#### MATERIAL FOR THIS EXERCISE
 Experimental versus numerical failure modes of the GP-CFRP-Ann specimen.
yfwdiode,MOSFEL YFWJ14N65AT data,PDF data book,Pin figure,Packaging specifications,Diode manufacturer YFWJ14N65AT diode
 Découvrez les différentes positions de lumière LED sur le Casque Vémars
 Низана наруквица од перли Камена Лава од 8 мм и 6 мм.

* * *

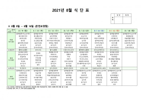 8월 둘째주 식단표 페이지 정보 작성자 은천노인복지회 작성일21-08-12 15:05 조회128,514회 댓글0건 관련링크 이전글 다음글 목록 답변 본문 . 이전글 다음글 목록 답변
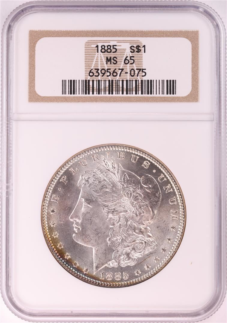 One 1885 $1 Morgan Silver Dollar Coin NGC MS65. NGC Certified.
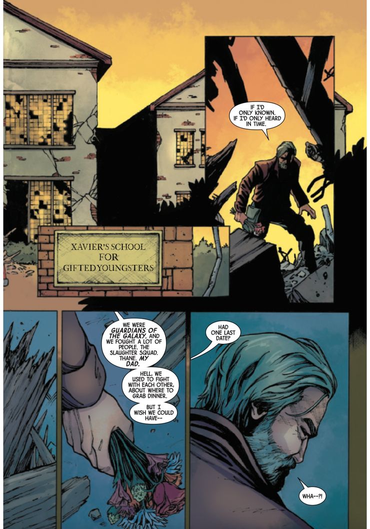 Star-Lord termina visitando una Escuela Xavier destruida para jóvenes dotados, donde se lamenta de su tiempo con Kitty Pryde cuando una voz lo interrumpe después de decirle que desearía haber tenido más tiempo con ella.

* * *

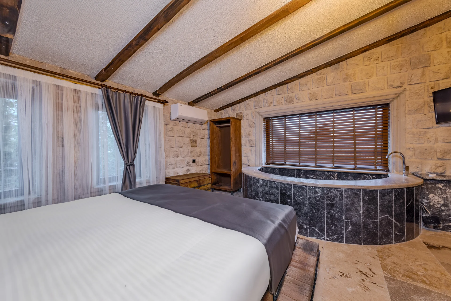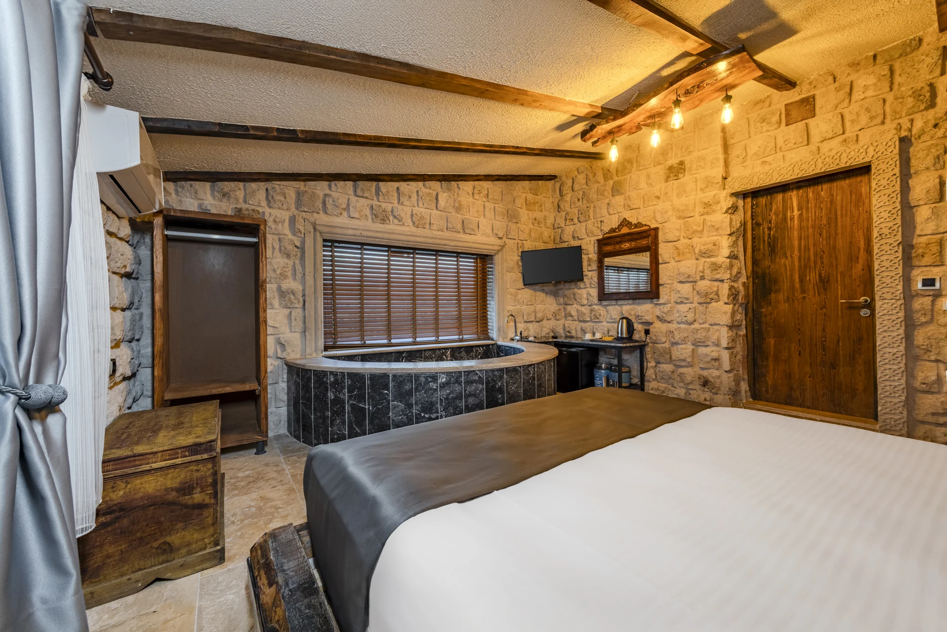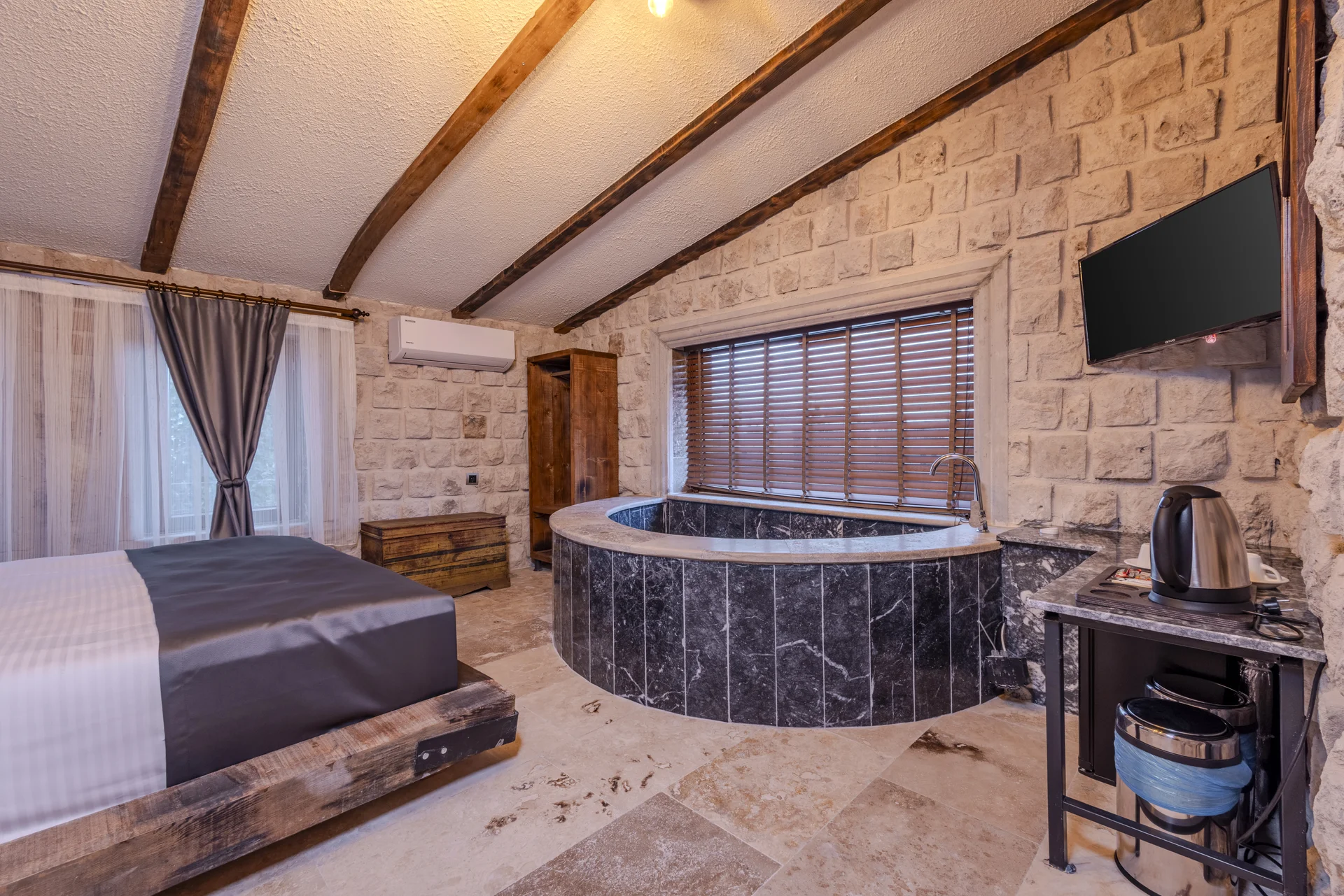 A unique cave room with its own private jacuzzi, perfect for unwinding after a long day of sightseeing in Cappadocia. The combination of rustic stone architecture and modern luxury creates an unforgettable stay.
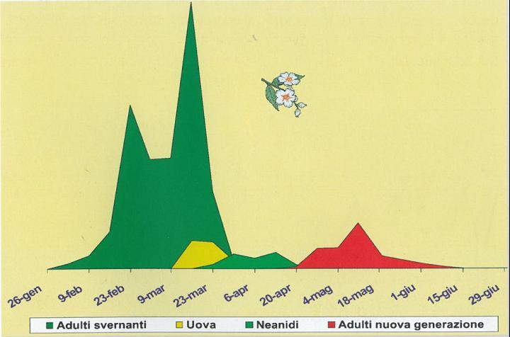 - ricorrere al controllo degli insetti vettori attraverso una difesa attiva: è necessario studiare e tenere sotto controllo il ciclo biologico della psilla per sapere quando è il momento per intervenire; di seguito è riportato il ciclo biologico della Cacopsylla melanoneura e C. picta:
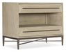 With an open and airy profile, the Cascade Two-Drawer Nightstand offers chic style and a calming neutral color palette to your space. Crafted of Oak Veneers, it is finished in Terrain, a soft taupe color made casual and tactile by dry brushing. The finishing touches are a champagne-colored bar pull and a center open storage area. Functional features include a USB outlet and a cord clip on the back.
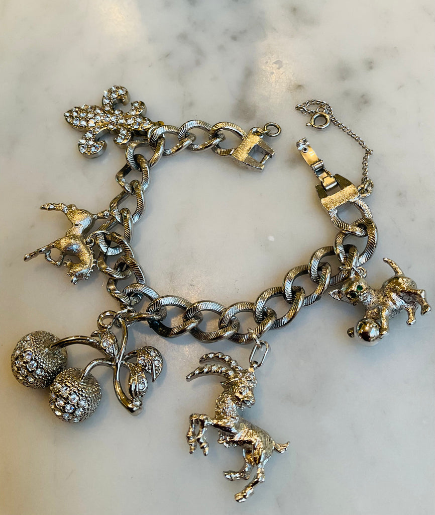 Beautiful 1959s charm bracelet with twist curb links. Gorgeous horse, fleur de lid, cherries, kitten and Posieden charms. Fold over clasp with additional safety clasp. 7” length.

#### THE PROBLEM
Please reproduce, exactly as they appear above, the lines from the line containing "Découvrez les différentes" up to and including the line containing "Низана наруквица од".

#### TASK RESULT
 Découvrez les différentes positions de lumière LED sur le Casque Vémars
 Низана наруквица од перли Камена Лава од 8 мм и 6 мм.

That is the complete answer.